Tuesday, February 8, 2011

The Political Appeal of Hopeless Fights

I won't be giving any predictions about how the Supremes will rule on ACA. But I will disagree with Adam Serwer's analysis of GOP actions, responding to Laurence Tribe's claim that one should not predict SCOTUS votes will be based on politics, not principle:
Yes. That's what we're predicting. By "we," I don't just mean liberals, I mean people like Virginia Attorney General Ken Cuccinelli who are focusing on Justice Anthony Kennedy as the one person whose vote needs to be won. They wouldn't be fighting this battle if they didn't think they could win it.
Really? I can think of quite a few reasons that Cuccinelli and other Republicans would fight this battle even if they thought it was hopeless. For one thing, there's the Tea Party approval for every step of it, from the initial decision to file the suit, to actually filing it, to arguing it, to the appeals...for a state AG, that's a lot of great media hits. For another, it allows Republicans to fight on territory they're real comfortable with ("tyranny"), as opposed to having to get down into the complex issues surrounding health care. Plus it gives conservatives, especially if they lose, an excuse to focus on one of their very favorite themes, court bashing.

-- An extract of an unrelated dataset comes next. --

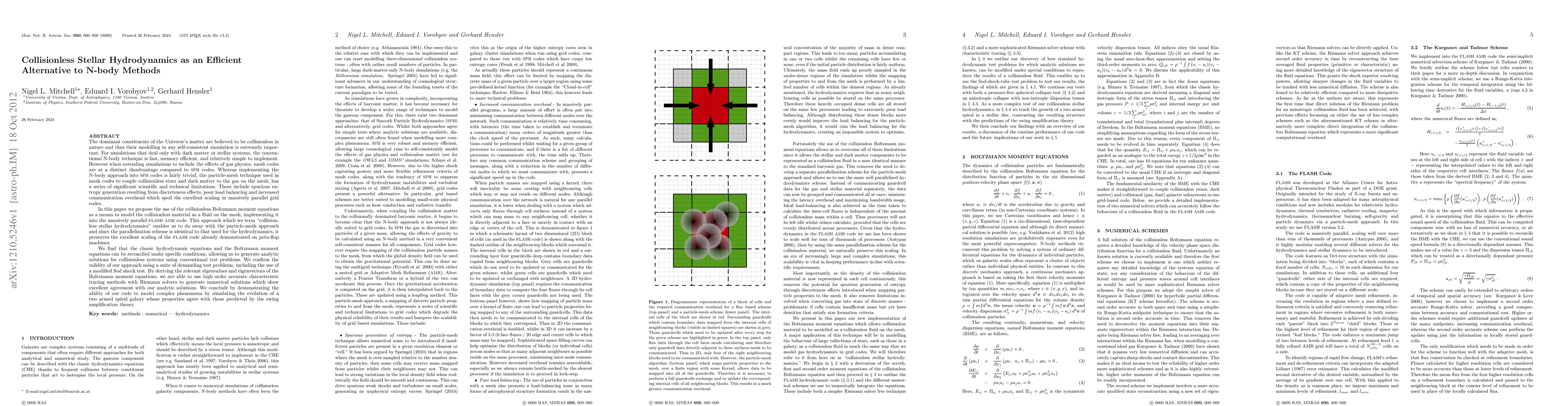 This paper proposes collisionless stellar hydrodynamics as an efficient alternative to N-body methods for simulations involving gas physics, addressing limitations of particle-mesh techniques. It integrates collisionless Boltzmann moment equations into the FLASH AMR code, preserving parallel scaling and demonstrating its effectiveness through complex galaxy simulations.
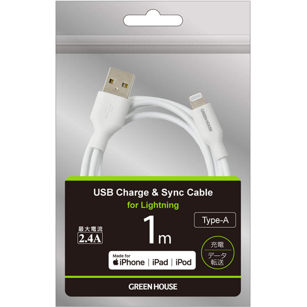 | 商品名 | Lightning to USB Type-A 充電・データ転送ケーブル 100cm ホワイト MFi認証取得 |

Generally, there are usually lots of incentives for politicians to fight hopeless fights. They get all the publicity and none of the responsibility. Hopeless court fights are great, because they promise to stretch out for years, with no obligation to put together complex legislation (which could actually harm their constituents if enacted), or deal with the consequences of a victory.

I'll add one thing: while I again won't make any prediction about the outcome, I'll point out that everyone involved has a strong incentive to act as if the lawsuit has a good chance of winning. For Republicans, the whole point is lost if people don't take it seriously. For Democrats, it's a good chance to raise money off of the fear that a future president and Senate will undermine the post-New Deal constitutional order. Hey, even pundits are implicated. Tribe notwithstanding, the odds are that those who don't think there's a real possibility that the court could toss out part or all of ACA just won't write about it, while those who do think it's likely will.

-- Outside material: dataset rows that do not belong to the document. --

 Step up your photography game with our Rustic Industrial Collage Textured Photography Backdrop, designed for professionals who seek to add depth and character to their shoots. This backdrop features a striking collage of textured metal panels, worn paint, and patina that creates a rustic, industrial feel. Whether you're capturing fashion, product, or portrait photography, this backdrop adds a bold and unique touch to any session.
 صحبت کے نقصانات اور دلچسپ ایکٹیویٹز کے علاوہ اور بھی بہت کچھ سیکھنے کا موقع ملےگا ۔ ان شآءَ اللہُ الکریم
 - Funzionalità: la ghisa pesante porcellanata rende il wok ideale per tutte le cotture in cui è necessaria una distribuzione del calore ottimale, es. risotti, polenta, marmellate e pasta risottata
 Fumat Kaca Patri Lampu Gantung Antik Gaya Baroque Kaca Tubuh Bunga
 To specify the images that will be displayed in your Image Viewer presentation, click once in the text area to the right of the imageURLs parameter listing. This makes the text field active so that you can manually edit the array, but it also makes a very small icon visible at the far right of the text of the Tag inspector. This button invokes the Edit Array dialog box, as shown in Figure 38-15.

Anyway, the main point here is that hopeless fights are often a politician's best friend. Especially those not especially interested in governing.


  1. Another fine post. I'm reading Eric Foner's "The Fiery Trial: Abraham Lincoln and American Slavery" and found the following excerpt (p. 294) from a November 14, 1864 Chicago Tribune editorial written as the 13th Amendment was being debated: "events have proved that the danger to...freedom is from the states, not the Federal government."

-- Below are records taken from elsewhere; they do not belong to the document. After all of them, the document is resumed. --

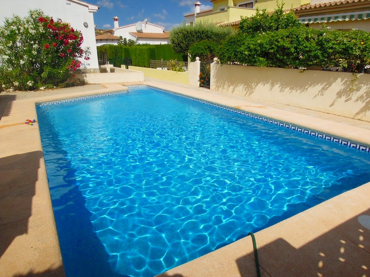 Modern three bed villa for sale in Benitachell with communal pool shared with only five other villas. Central heating Double glazing En suite bathroom Fitted wardrobes Fully furnished Naya Off road parking Private garden Quiet location Terrace Utility room Window shutters
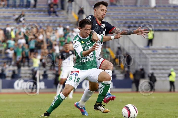PUEBLA, PUEBLA, 30SEPTIEMBRE2017.- Los jugadores Alan Cervantes y Alfonso Tamay disputan el balón durante jugada del partido entre Lobos BUAP y el Club León con marcador final 0-3 correspondiente a la jornada 12 del torneo de Apertura de la Liga MX. FOTO: HILDA RÍOS /CUARTOSCURO.COM
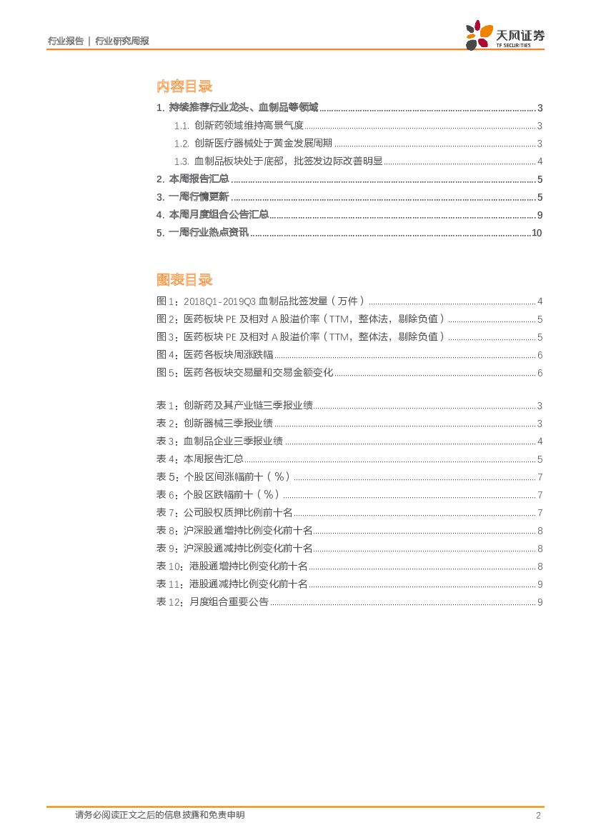 天风证券:医药生物行业研究周报:结构性行情有望持续演绎,持续推荐创新龙头和血制品领域.pdf
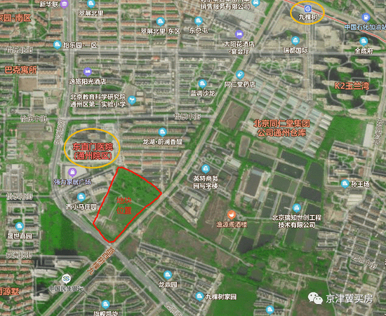 该宗地距离地铁八通线九棵树站仅1.5公里,紧邻东直门医院(通州院区), 马路对面是东郎产业园,吃喝玩乐的设施都有,周边配套成熟。具体位置如下:
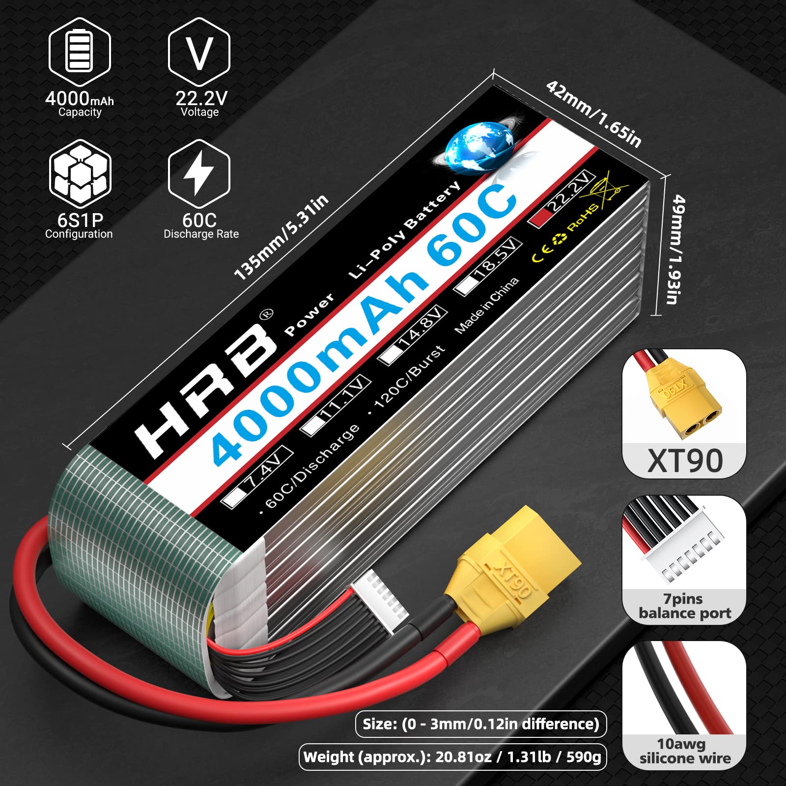 View compareHRB 6S Lipo Battery XT90 4000mAh 60C Soft Case 22.2V RC Lipo Battery for RC Quadcopter Helicopter Car Truck Boat Hobby (2packs)
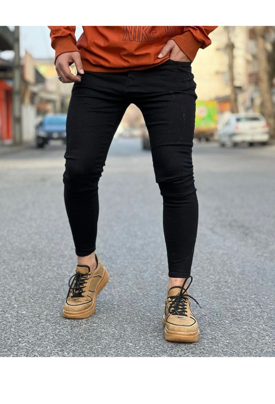 شلوار جین مردانه رنگ مشکی پرکلاغی دمپا جذب فول کش
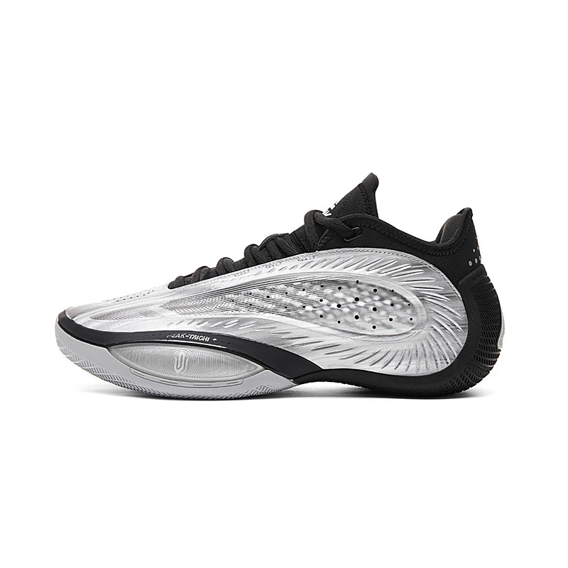 The Peak Andrew Wiggins Talent 3 "Silver Black" basketball shoes are specially designed for dynamic players seeking maximum stability, protection, and responsiveness in every game. The lightweight, waterproof, and seamless one-piece foam upper offers unparalleled flexibility and durability, ensuring optimal support. The heel overlay, along with the cushioning, provides a secure and comfortable feel by gently wrapping the foot.
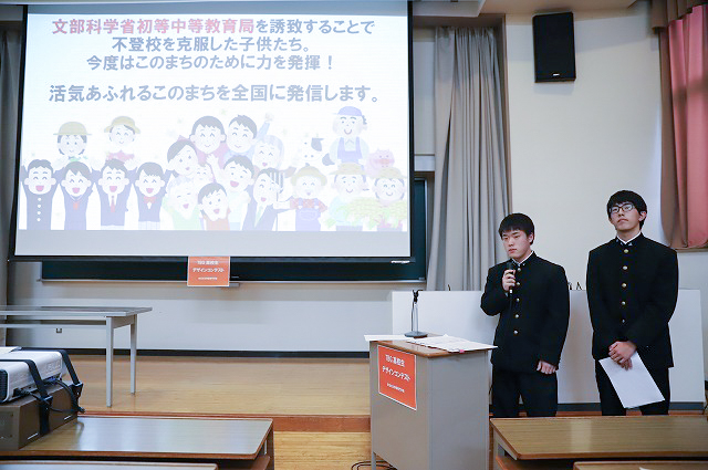 | 2 | 仙台市立仙台工業高等学校 | 世界の波に乗るために | 吉田 佳祐 萩澤 歩夢 |
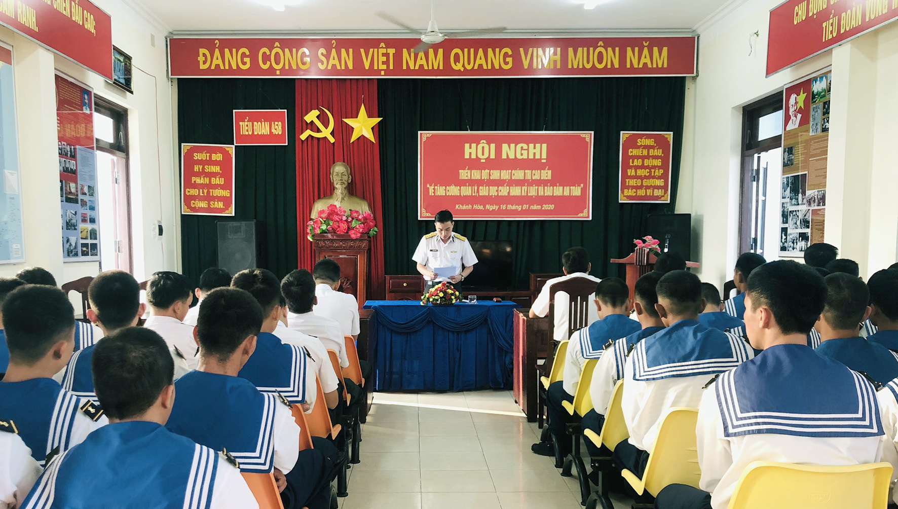 Sáng 16-1, tại Căn cứ quân sự Cam Ranh (Khánh Hòa), Tiểu đoàn 458, Vùng 4 Hải quân đã tổ chức Hội nghị triển khai đợt sinh hoạt chính trị cao điểm về tăng cường quản lý, giáo dục chấp hành kỷ luật và bảo đảm an toàn với chủ đề: “Kỷ luật là sức mạnh của Quân đội, nét đẹp văn hóa của Bộ đội Cụ Hồ-Người chiến sĩ Hải quân”.
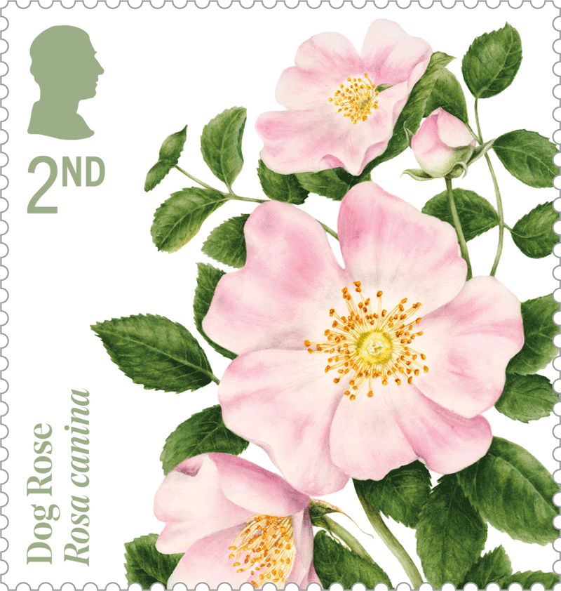 flower, the rose. The vibrant images feature original watercolour illustrations of a variety of wild and garden roses, created exclusively for Royal Mail by acclaimed botanical artist Marie Burke.

    It's not true that everything in American history revolves around the Civil War, but it's close.

    One of the ongoing intellectual battles in American public life is over the meaning of "freedom", "liberty" and "tyranny". Foner documents how the events of the Civil War drove changes in how Lincoln, and many Americans, understood the nature of the Union and the role of government.

    Conservatives tend to see the federal government as the greatest threat of "tyranny", while overlooking the "tyranny" of state and local governments (governments that are often more easily susceptible to corporate influence and local business elites).

    Among other defenses of the ACA is the notion that it ends the "tyranny" of insurance companies and states like---picking not entirely at random---Texas and South Carolina that have a bias against equal rights and citizenship for all.

  2. I'd say you're absolutely right -- and not quite right.
    You're absolutely right about why this is a winner even if Cooch et al. lose. He in particular does all the political point-scoring you describe. But that doesn't mean he and his allies are fighting a battle they know they'll lose -- it means they're fighting a battle they see as win-win.

    They win? They win. They lose? They proved themselves champions of the troops' values and they win.

  3. Steve,

    I have no disagreement with you (or Adam Serwer) about whether they think they'll win in the courts, or whether they actually have a good chance of winning. Just saying that the fight makes sense even if neither of those things are true.

  4. As far as the judicial outcomes on ACA are concerned, the anti-Obama (and I mean that exactly) has one win at the moment, not two. The fact that the judge in the first case did not recuse himself despite his obscene financial and political entanglements with Cuccinelli, renders that particular decision meaningless. It should get them both disbarred, but otherwise it's just a legal joke.